Exercise description: Some entries follow. Reproduce exactly the lines starting at the one with "浅底新中式国潮粉色2026马年大吉烫金活动节目单" and stopping after the one with "donne soif)... |".

The data:
####

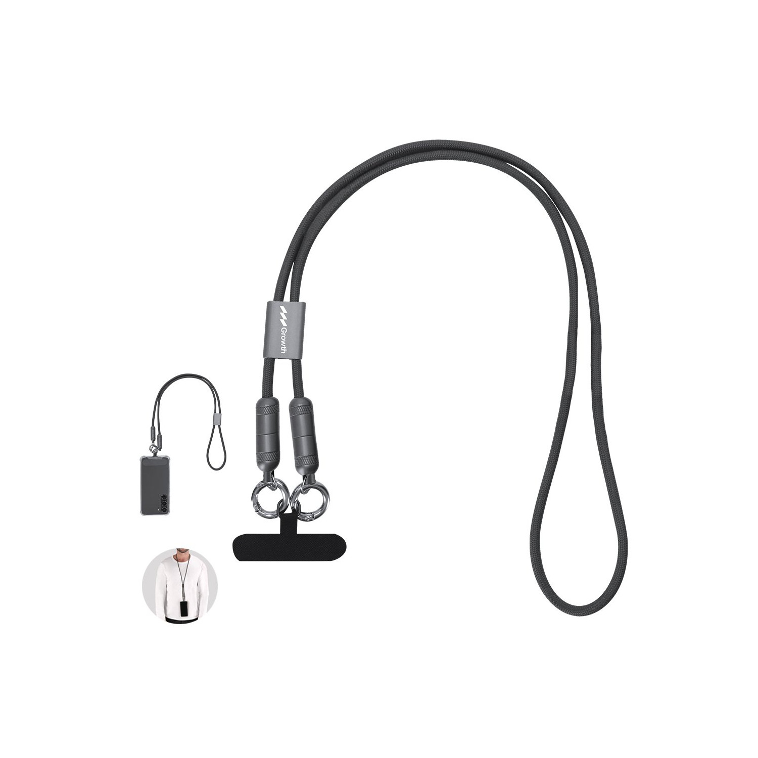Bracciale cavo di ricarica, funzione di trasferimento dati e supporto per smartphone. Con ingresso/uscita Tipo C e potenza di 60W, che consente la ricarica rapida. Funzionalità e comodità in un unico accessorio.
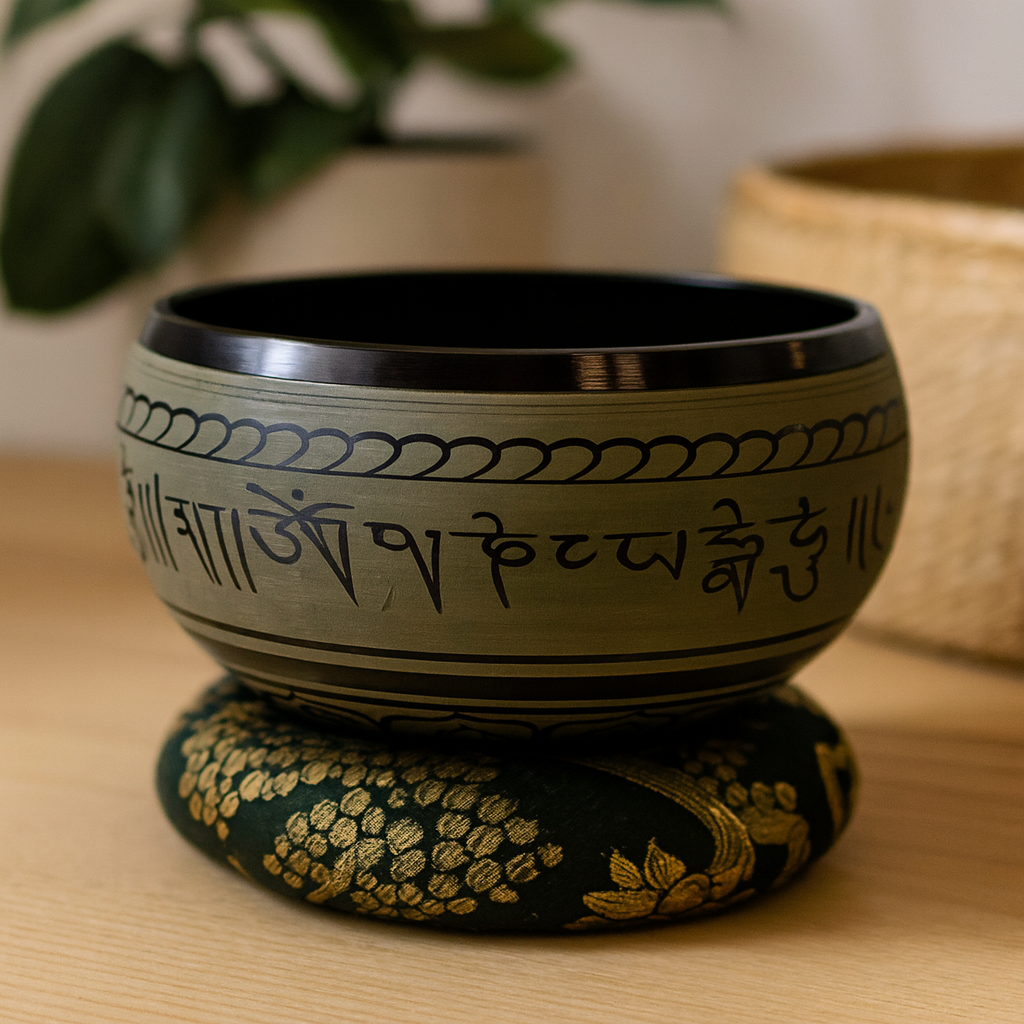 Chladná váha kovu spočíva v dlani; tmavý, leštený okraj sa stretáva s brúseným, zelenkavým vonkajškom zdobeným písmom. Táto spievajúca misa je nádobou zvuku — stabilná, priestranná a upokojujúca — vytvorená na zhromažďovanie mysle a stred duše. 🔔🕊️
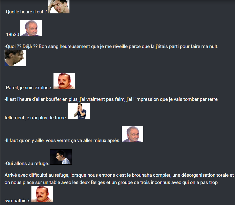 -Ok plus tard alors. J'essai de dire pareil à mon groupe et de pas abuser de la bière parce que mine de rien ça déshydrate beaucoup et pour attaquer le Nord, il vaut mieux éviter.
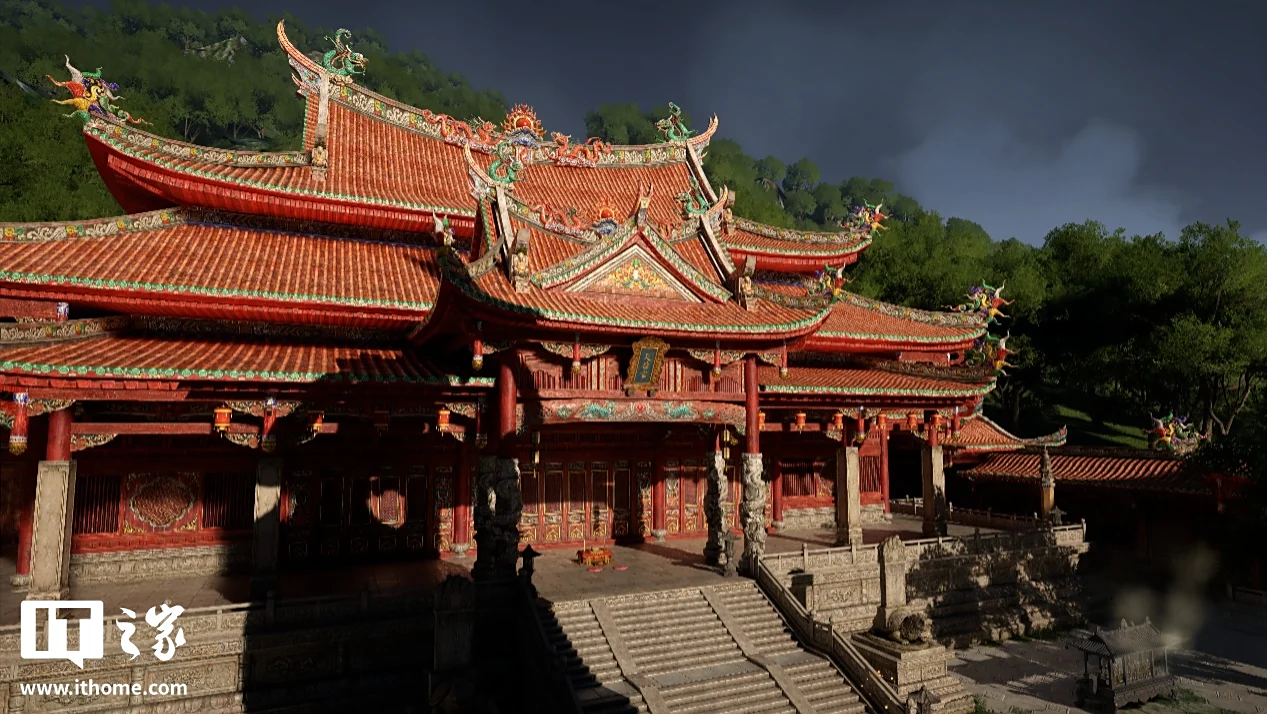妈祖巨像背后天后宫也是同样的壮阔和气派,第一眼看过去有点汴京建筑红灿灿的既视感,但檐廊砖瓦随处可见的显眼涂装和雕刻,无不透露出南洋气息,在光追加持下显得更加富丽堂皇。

####

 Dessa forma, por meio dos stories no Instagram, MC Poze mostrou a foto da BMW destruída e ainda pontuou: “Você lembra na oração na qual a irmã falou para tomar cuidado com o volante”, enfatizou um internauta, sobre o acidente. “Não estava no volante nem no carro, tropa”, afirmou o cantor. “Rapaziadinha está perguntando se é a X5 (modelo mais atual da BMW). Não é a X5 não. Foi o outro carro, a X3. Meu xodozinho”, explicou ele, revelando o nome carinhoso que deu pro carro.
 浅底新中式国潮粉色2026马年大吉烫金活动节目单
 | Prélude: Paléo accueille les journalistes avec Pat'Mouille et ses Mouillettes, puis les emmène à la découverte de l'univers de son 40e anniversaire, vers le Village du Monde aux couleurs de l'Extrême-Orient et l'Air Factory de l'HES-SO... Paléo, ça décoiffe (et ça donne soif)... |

####

Exercise solution:
 浅底新中式国潮粉色2026马年大吉烫金活动节目单
 | Prélude: Paléo accueille les journalistes avec Pat'Mouille et ses Mouillettes, puis les emmène à la découverte de l'univers de son 40e anniversaire, vers le Village du Monde aux couleurs de l'Extrême-Orient et l'Air Factory de l'HES-SO... Paléo, ça décoiffe (et ça donne soif)... |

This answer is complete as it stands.